- **Data records**
-- Opening Marker --

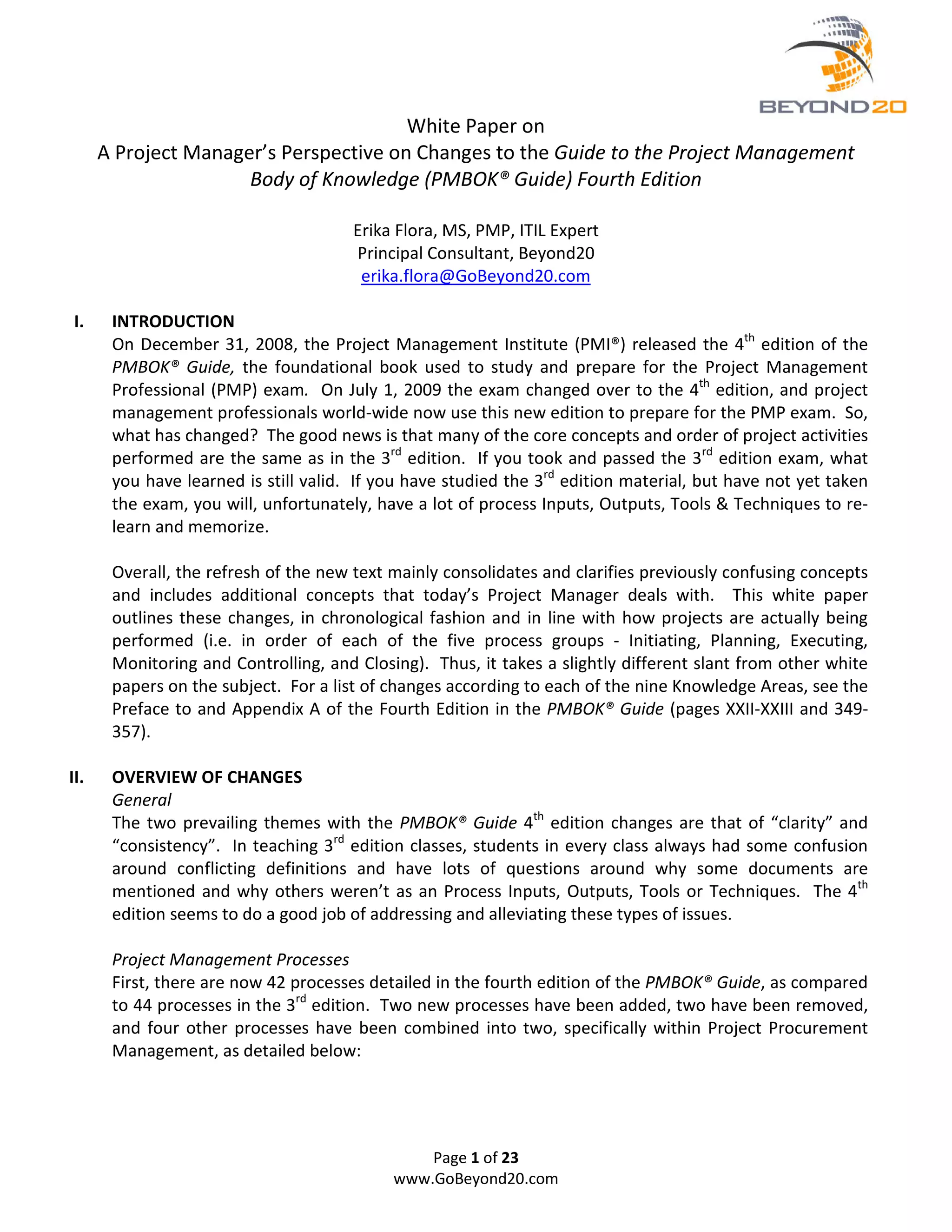 1) The PMBOK Guide 4th edition made several changes to clarify concepts and consolidate processes. It removed 2 processes, added 2 new processes, and combined 4 processes into 2.
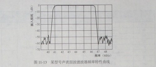 如圖11-13所示是某型號聲表面波濾波器頻率特性曲線。
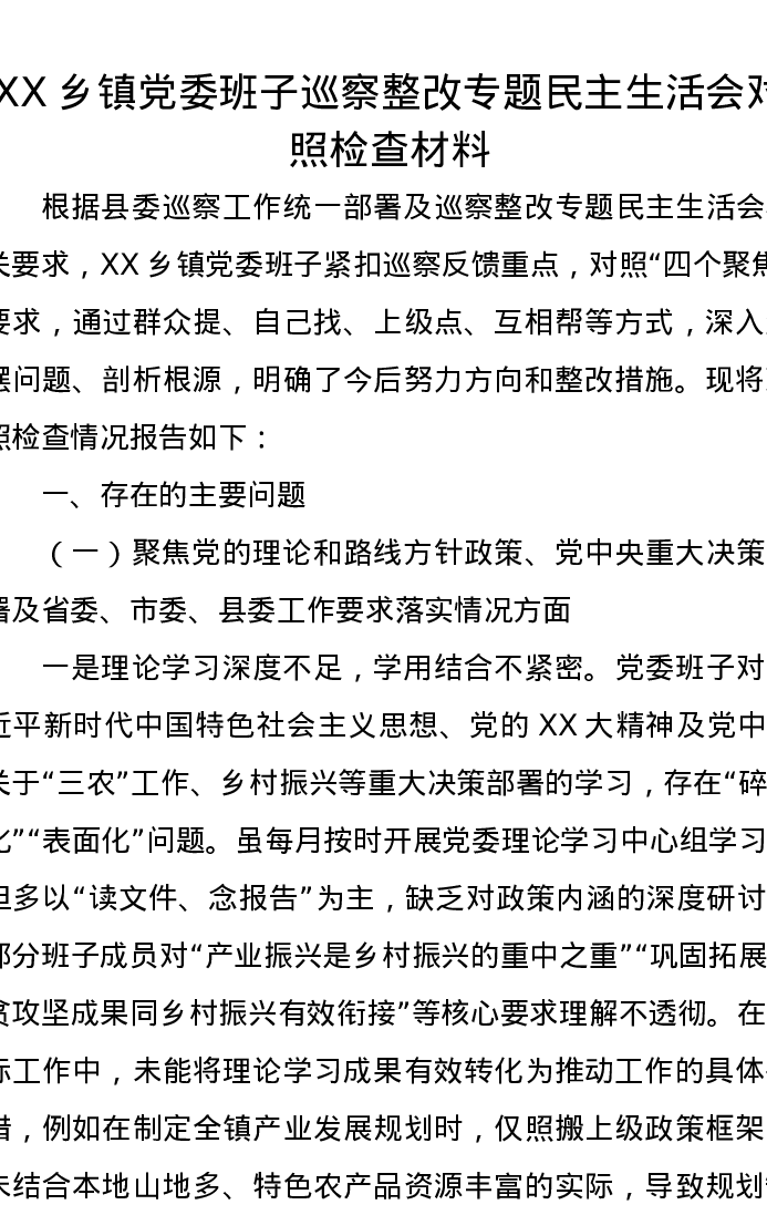 XX乡镇党委班子巡察整改专题民主生活会对照检查材料
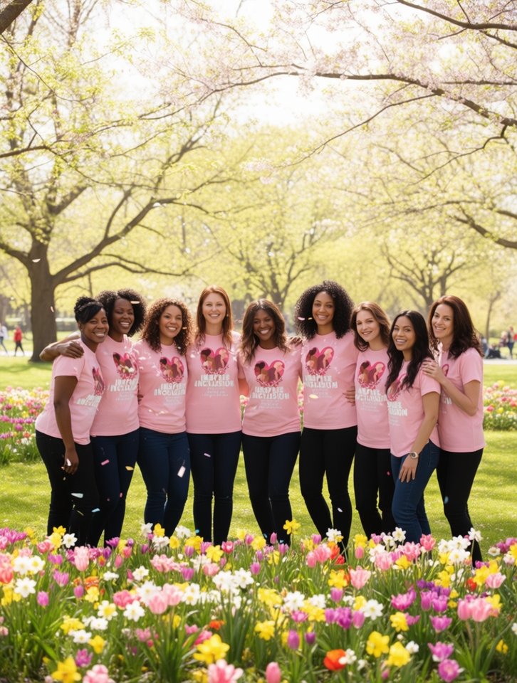 T-Shirt da Donna Inspire Inclusion, Girocollo, Vestibilità Regolare, in Poliestere Lavorato a Maglia, Design per la Giornata Internazionale della Donna
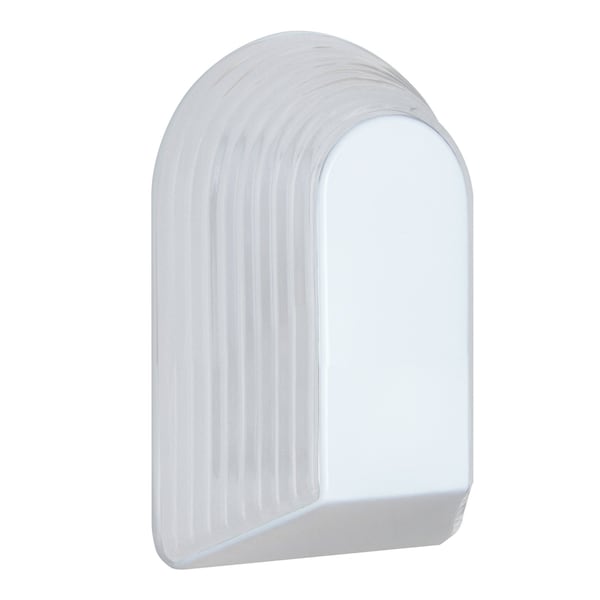 This arched shaped of this European blown glass is a perfect complement to architectural features of todays buildings. The white finish is semi-translucent for increased light output. The inside of the glass is softly frosted to enhance the appearance. While suitable for outdoor use, the design of this luminaire easily translates into interior use.
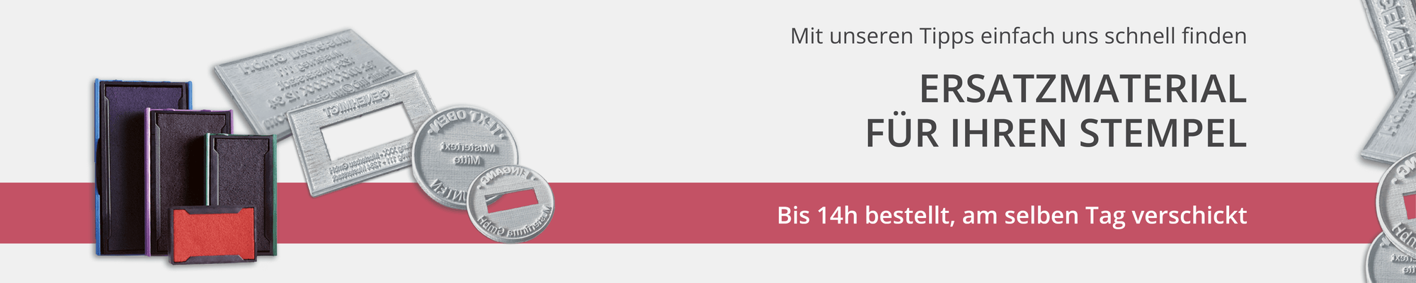 Hier finden Sie schnell und einfach, wonach Sie suchen: Sie können ein bestimmtes Stempelmodell suchen, Stempel-Ersatzmaterial finden oder nach einer bestimmten Grösse suchen.
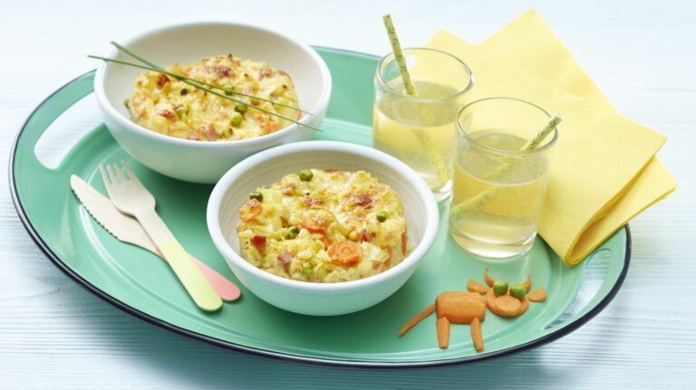 Guss mit dem Ebly mischen. In eine eingefettete Gratinform füllen. In der Mitte des 200 Grad heissen Ofen 20-25 Minuten backen.
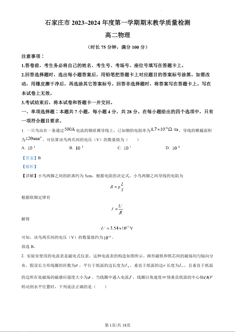 河北省石家庄市2023-2024学年高二上学期期末考试物理(精品解析版)

-- Closing Marker --

- **Aim of the exercise**
Would you please write out exactly the lines between the line containing "T-Shirt da Donna" and the last line of the listing above, inclusive, without pictures?

- **Task result**
 T-Shirt da Donna Inspire Inclusion, Girocollo, Vestibilità Regolare, in Poliestere Lavorato a Maglia, Design per la Giornata Internazionale della Donna
 This arched shaped of this European blown glass is a perfect complement to architectural features of todays buildings. The white finish is semi-translucent for increased light output. The inside of the glass is softly frosted to enhance the appearance. While suitable for outdoor use, the design of this luminaire easily translates into interior use.
 Hier finden Sie schnell und einfach, wonach Sie suchen: Sie können ein bestimmtes Stempelmodell suchen, Stempel-Ersatzmaterial finden oder nach einer bestimmten Grösse suchen.
 Guss mit dem Ebly mischen. In eine eingefettete Gratinform füllen. In der Mitte des 200 Grad heissen Ofen 20-25 Minuten backen.
 河北省石家庄市2023-2024学年高二上学期期末考试物理(精品解析版)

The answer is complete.